3. Manufacturing overhead – consists of all manufacturing costs except direct


materials and direct labor. Other terms used interchangeably with manufacturing
overhead are factory overhead, factory burden, and indirect manufacturing costs.
Oftentimes, the terms prime cost and conversion cost are used to describe a
combination of some of the elements of manufacturing cost.

4. Prime cost – refers to the sum of direct materials and direct labor costs.

5. Conversion cost – is the sum of direct labor and manufacturing overhead.

▪ Non - manufacturing costs – are those costs involved with selling and administrative
activities.

1. Selling or marketing costs – include all costs associated with marketing finished
products, including commissions, depreciation of delivery equipment,
depreciation of finished goods warehouses, and advertising.

2. Administrative costs – include all costs associated with the general administration
of an organization, including secretarial salaries, depreciation of general
administrative facilities and equipment, and executive compensation.

• For external reporting purposes

▪ Period costs – are costs matched with revenues once incurred. These are normally
referred to as expenses.

▪ Product costs – are costs that are assigned to the products. They are charged to expense
when sold. Until that time, product costs are considered to be assets and are recognized on
the balance sheet as inventory.

• In relation to cost objects

▪ Direct costs – are costs that can be conveniently traced to the cost object under
consideration.

▪ Period costs – are costs that cannot be conveniently traced to the cost object.

• In relation to volume or level of activity

▪ Fixed costs – are costs that remain constant in total within the relevant range but varies
inversely, on a per unit basis, with the volume of activity.

▪ Variable costs – are costs that varies in total in relation to the volume of activity but
remain constant on a per unit basis within a relevant range.
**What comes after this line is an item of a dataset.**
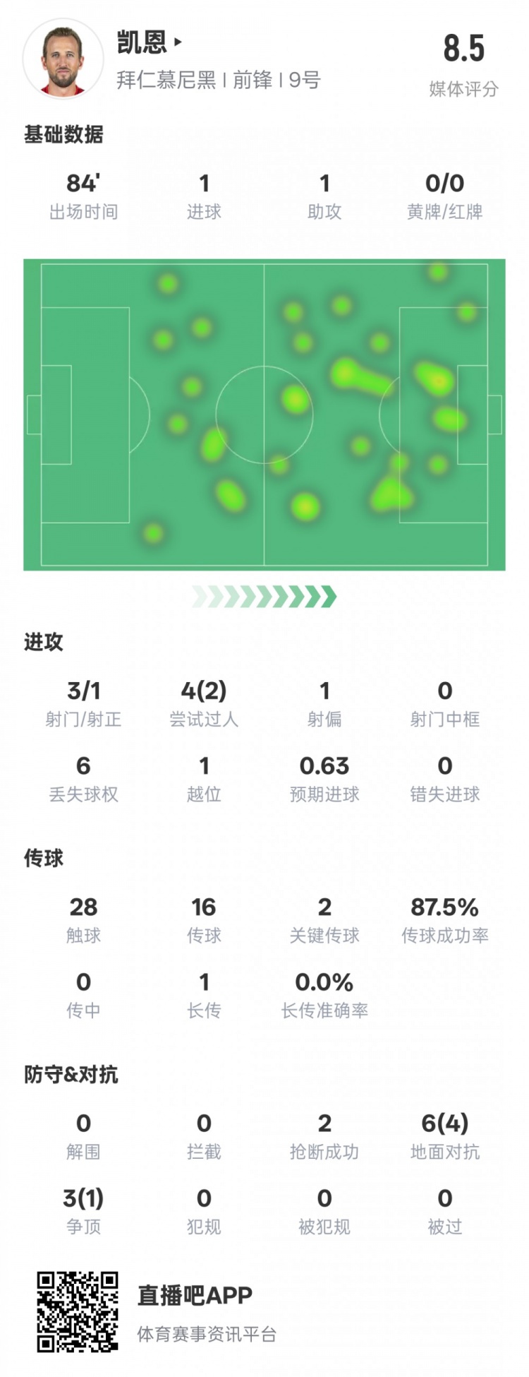 凱恩本場數(shù)據(jù):傳射建功&2關(guān)鍵傳球2過人成功,評分8.5

▪ Mixed costs – are costs which have a fixed component and a variable component. These
components are separated by using appropriate methods.

▪ Stepped costs – are costs which are fixed over relatively short ranges of production level.
This cost has both variable and fixed components and is also known as semi – fixed cost.

• In relation to decisions made by managers

▪ Differential costs – are the increases or decreases in total cost, or the changes in specific
elements of cost that result from selecting one alternative instead of another.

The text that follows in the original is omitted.